30.5.2023   

NL

Publicatieblad van de Europese Unie

C 189/35


Beroep ingesteld op 13 maart 2023 — Swenters/Commissie

(Zaak T-142/23)

(2023/C 189/46)

Procestaal: Nederlands

Partijen

Verzoekende partij: Ivo Swenters (Hasselt, België) (vertegenwoordiger: J. Coninx, advocaat)

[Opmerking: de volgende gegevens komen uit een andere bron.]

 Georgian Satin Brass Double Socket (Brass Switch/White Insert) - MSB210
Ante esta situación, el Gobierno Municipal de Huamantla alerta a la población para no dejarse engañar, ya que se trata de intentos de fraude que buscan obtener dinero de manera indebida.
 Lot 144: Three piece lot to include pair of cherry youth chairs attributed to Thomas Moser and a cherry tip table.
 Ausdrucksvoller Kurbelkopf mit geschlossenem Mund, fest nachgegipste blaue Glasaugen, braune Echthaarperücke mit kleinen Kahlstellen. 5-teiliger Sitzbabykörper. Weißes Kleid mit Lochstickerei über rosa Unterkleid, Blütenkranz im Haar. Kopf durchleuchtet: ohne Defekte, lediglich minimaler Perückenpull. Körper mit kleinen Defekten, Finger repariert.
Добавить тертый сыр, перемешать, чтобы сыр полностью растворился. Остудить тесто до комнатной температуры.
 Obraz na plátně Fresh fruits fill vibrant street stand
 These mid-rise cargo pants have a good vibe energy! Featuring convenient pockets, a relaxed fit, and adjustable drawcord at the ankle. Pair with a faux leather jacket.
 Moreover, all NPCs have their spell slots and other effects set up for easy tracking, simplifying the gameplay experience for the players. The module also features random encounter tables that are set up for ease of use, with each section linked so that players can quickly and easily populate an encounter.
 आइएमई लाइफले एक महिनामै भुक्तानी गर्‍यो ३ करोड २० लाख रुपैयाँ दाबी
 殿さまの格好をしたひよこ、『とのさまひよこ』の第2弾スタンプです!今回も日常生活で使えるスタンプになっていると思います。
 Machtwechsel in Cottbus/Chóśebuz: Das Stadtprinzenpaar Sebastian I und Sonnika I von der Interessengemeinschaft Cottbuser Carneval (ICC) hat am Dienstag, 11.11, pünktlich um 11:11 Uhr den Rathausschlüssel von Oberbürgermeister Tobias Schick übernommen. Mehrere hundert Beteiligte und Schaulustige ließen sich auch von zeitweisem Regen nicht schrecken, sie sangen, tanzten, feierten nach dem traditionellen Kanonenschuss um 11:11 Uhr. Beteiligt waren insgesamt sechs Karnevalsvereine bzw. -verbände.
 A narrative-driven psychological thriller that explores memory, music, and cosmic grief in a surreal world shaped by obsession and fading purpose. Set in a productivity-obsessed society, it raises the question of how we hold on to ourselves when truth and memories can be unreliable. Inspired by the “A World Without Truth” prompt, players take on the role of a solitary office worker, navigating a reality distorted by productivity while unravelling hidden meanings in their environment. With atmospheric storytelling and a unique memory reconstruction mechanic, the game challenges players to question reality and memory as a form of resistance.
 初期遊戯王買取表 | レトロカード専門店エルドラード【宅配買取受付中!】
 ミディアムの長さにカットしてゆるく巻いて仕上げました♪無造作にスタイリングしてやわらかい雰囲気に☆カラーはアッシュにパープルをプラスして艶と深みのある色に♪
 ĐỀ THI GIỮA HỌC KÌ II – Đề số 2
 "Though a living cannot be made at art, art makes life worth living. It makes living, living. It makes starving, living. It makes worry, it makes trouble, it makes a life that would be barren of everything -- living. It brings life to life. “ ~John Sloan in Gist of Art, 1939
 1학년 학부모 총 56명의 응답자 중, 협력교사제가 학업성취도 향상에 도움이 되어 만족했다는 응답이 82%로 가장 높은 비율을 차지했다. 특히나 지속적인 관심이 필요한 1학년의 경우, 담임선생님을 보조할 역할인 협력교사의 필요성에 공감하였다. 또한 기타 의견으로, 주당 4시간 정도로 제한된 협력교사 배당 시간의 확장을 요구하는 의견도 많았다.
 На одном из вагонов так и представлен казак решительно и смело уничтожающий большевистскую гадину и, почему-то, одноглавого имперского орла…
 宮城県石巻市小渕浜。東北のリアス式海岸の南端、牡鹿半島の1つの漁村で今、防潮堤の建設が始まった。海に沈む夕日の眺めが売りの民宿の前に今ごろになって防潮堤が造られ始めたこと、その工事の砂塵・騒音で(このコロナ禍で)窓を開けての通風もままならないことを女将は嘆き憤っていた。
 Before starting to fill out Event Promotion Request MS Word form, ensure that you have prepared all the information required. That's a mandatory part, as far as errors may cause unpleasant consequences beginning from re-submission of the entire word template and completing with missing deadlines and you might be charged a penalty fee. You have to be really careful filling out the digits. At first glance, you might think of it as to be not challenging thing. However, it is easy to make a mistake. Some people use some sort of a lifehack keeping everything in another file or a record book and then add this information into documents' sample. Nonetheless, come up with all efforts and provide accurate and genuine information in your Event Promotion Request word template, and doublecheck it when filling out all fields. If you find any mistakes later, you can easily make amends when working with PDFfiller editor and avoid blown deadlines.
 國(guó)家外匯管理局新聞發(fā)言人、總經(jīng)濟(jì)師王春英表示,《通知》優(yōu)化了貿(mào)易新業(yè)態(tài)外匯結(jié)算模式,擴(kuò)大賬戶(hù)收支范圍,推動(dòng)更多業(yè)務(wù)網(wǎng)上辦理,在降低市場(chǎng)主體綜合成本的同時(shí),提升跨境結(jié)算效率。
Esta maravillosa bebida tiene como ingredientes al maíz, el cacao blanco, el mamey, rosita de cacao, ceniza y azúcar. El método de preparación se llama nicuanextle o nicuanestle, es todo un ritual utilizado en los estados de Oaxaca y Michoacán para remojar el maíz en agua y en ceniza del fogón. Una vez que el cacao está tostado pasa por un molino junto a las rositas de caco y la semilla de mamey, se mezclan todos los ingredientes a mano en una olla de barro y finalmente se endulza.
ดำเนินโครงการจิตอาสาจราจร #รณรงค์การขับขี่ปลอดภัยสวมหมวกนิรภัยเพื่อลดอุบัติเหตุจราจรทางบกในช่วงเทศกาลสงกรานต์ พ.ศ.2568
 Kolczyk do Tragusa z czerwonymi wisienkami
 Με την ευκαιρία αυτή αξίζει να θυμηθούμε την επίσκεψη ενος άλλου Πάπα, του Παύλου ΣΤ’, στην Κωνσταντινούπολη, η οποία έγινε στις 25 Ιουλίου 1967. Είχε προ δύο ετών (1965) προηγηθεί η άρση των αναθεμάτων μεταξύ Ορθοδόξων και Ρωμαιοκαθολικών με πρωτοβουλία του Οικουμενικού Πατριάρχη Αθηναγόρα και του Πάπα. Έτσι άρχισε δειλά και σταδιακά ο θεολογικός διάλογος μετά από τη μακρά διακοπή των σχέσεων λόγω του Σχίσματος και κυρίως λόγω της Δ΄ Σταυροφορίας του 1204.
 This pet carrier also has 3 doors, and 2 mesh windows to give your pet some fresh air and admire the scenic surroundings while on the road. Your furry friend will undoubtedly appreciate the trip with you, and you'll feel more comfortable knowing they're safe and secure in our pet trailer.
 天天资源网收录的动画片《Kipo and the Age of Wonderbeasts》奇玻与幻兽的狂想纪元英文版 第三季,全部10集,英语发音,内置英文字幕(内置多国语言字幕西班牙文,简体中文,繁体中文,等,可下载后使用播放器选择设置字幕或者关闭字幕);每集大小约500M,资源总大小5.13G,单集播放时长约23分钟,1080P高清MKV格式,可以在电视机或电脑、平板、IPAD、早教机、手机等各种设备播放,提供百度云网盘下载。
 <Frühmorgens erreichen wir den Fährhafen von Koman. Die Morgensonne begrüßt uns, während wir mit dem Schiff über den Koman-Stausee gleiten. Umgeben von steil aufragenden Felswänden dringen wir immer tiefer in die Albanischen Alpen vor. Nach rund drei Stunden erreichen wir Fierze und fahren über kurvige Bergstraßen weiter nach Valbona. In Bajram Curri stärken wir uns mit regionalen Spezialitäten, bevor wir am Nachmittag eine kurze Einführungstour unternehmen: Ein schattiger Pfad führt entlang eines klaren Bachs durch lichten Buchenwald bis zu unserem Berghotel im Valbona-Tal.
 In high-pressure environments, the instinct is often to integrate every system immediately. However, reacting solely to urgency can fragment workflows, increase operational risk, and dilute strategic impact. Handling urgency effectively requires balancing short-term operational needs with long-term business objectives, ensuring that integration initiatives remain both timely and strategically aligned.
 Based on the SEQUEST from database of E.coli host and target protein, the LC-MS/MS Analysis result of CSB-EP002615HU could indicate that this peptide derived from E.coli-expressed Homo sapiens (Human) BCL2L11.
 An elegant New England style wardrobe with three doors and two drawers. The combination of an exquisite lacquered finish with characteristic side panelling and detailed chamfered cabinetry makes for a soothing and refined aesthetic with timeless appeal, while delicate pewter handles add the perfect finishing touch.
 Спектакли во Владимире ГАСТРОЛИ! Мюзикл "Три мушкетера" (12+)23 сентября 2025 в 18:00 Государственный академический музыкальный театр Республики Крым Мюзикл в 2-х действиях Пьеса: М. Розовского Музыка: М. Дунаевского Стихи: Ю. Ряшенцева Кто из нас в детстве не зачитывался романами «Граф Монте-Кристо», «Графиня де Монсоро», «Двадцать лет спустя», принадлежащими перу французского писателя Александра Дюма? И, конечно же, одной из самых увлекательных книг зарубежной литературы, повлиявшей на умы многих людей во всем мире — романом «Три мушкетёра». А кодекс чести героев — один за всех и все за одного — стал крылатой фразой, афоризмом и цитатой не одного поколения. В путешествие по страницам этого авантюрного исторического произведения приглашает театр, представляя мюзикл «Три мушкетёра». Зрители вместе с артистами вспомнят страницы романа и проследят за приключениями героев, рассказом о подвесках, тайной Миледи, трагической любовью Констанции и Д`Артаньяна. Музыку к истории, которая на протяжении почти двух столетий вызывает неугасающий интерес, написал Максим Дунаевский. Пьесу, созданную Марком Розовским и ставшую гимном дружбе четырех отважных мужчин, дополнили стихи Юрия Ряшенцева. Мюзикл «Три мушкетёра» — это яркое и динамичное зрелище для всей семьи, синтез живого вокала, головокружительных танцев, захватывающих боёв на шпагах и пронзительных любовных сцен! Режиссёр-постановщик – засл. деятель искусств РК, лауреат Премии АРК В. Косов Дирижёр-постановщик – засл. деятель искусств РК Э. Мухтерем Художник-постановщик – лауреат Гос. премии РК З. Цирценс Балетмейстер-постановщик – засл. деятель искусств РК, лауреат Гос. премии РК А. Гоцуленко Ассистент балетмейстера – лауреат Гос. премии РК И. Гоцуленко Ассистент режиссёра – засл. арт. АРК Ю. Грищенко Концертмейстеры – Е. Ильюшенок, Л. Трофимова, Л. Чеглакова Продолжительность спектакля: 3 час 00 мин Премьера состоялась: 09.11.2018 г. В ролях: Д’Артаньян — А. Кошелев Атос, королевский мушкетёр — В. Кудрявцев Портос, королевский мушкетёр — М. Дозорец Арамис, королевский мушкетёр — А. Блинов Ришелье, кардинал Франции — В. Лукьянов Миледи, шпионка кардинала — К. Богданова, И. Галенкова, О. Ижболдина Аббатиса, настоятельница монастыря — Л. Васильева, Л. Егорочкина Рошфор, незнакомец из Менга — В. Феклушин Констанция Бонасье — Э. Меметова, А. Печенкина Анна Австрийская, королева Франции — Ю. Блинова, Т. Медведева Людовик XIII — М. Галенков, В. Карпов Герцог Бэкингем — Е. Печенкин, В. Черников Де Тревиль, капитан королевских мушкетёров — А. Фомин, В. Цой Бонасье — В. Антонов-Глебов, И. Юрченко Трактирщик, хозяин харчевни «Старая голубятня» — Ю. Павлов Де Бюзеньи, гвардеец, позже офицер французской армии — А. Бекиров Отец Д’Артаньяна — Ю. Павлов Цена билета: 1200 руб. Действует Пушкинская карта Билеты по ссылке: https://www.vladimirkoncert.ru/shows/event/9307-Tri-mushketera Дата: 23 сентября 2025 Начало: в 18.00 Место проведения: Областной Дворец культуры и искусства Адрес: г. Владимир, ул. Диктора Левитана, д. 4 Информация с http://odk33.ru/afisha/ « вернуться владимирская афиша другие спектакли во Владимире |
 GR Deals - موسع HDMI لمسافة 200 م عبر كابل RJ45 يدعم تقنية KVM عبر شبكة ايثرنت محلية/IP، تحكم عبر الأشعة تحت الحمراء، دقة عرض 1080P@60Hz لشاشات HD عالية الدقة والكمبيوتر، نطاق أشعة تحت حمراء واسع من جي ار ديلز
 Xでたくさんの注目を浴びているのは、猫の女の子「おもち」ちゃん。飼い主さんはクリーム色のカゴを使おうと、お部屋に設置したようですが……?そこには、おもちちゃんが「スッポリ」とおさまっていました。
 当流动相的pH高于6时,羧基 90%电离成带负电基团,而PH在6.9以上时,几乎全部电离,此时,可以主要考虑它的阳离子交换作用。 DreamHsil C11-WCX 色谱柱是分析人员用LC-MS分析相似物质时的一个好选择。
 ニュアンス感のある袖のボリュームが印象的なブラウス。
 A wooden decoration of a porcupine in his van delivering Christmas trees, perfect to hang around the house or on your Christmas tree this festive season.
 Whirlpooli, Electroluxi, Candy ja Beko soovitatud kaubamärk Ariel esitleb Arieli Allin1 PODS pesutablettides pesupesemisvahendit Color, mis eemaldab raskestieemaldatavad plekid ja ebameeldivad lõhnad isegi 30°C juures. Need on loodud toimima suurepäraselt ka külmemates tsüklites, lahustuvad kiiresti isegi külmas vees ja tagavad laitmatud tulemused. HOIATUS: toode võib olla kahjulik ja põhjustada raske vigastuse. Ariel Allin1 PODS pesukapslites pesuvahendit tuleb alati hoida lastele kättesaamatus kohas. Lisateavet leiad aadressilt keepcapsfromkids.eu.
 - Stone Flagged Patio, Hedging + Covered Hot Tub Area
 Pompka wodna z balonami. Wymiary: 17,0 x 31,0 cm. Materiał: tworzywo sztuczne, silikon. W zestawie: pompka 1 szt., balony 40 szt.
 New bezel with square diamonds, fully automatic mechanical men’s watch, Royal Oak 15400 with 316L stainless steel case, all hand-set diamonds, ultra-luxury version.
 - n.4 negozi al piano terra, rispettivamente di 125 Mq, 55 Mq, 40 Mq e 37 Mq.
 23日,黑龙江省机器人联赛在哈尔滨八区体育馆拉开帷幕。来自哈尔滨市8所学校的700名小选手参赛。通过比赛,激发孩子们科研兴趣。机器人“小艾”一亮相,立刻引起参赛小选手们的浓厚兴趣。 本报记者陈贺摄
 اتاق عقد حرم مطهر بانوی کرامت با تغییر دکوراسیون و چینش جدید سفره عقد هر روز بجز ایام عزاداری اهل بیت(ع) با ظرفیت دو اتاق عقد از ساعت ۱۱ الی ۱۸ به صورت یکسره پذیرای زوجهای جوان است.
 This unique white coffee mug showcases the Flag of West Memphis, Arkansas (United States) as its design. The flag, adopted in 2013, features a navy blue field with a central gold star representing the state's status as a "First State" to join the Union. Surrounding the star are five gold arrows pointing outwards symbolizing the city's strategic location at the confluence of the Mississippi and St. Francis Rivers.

Verwerende partij: Europese Commissie

Conclusies

De verzoekende partij verzoekt het Gerecht:

het verzoekschrift ontvankelijk en gegrond naar vorm en inhoud te verklaren;

dienvolgens de bestreden beslissing nietig te verklaren;

de Commissie te verwijzen in de kosten.

Middelen en voornaamste argumenten

Ter ondersteuning van zijn beroep tegen het besluit van de Commissie van 13 januari 2023 houdende afwijzing van zijn klacht inzake inbreuken op artikel 101 VWEU en artikel 102 VWEU die zouden zijn begaan door SCR-Sibelco NV, Cimenteries C.B.R. Cementbedrijven NV, Grintbedrijf SBS NV, Kiezelgroeve Varenberg NV, Dragages Graviers et Travaux (Dragratra) NV, Sibelco Nederland BV, Van Nieuwpoort Groep BV, Heidelbergcement AG en Hülskens Holding GmbH & Co (Zaak AT.40683 — Belgisch zand) voert verzoeker twee middelen aan.

1.

Eerste middel: de Commissie heeft haar onderzoeks- en motiveringsplicht geschonden

De Commissie heeft haar verplichting geschonden om de door verzoeker aangehaalde omstandigheden en overeenkomsten zorgvuldig te onderzoeken, ondanks de aanwezigheid van hardcore mededingingsbeperkingen. De door verzoeker aangehaalde argumenten zijn zonder enig onderzoek verworpen en de Commissie beperkt zich in het bestreden besluit tot summiere en oppervlakkige vaststellingen.

2.

Tweede middel: de Commissie heeft het belang van de Unie onjuist beoordeeld

De Commissie heeft zich ten onrechte op het standpunt gesteld dat de door verzoeker aangehaalde inbreuken beperkt lijken te zijn tot één lidstaat, en heeft daardoor de internationale reikwijdte van de feiten miskend. De Commissie heeft ook geen rekening gehouden met de duurtijd van de inbreuken en zij heeft ten onrechte de conclusie getrokken dat de nationale rechterlijke instanties en autoriteiten goed geplaatst zijn om de door verzoeker aangehaalde mededingingsverstorende praktijken te beoordelen.